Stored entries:
▶
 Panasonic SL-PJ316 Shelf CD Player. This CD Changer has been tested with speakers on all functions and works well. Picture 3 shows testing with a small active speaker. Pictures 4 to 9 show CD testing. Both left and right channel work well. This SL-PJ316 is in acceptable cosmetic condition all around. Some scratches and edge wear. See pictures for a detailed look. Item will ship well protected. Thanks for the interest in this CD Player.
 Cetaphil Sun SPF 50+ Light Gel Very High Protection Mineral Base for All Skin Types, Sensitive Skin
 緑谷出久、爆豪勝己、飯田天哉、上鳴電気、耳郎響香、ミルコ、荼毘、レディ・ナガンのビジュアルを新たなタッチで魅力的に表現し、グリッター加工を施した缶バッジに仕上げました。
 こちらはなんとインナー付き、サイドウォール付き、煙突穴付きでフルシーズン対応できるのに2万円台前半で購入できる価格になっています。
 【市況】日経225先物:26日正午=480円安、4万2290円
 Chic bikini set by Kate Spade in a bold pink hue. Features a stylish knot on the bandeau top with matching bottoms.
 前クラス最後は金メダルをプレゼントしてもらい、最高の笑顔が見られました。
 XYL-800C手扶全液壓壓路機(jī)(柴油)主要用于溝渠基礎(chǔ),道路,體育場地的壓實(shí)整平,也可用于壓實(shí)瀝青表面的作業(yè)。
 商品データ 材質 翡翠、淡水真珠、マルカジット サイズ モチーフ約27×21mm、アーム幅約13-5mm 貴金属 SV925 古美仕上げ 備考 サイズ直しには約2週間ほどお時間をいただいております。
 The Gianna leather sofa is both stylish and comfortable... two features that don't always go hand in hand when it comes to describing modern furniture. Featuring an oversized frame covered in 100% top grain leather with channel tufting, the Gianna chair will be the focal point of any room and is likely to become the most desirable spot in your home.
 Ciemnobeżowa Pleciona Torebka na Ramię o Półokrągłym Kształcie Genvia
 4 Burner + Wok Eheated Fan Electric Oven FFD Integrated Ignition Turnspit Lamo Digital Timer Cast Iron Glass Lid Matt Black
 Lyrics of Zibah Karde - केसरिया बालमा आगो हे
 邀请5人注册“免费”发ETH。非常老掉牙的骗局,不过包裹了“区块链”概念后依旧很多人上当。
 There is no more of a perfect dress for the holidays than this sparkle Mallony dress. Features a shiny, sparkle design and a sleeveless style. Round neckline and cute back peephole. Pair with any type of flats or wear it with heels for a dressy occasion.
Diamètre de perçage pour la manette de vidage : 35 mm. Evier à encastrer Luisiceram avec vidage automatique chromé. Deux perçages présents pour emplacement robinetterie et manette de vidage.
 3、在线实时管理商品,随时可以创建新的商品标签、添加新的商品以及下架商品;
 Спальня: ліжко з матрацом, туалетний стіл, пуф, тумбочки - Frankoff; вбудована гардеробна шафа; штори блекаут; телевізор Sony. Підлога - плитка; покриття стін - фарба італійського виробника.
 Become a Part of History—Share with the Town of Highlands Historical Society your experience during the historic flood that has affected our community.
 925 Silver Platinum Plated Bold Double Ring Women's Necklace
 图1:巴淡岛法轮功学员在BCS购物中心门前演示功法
◀
What the task requires >> Could you return exactly the lines above from the line with "Diamètre de perçage" to the line with "Спальня: ліжко з", both included, and nothing else?

Answer below >>
Diamètre de perçage pour la manette de vidage : 35 mm. Evier à encastrer Luisiceram avec vidage automatique chromé. Deux perçages présents pour emplacement robinetterie et manette de vidage.
 3、在线实时管理商品,随时可以创建新的商品标签、添加新的商品以及下架商品;
 Спальня: ліжко з матрацом, туалетний стіл, пуф, тумбочки - Frankoff; вбудована гардеробна шафа; штори блекаут; телевізор Sony. Підлога - плитка; покриття стін - фарба італійського виробника.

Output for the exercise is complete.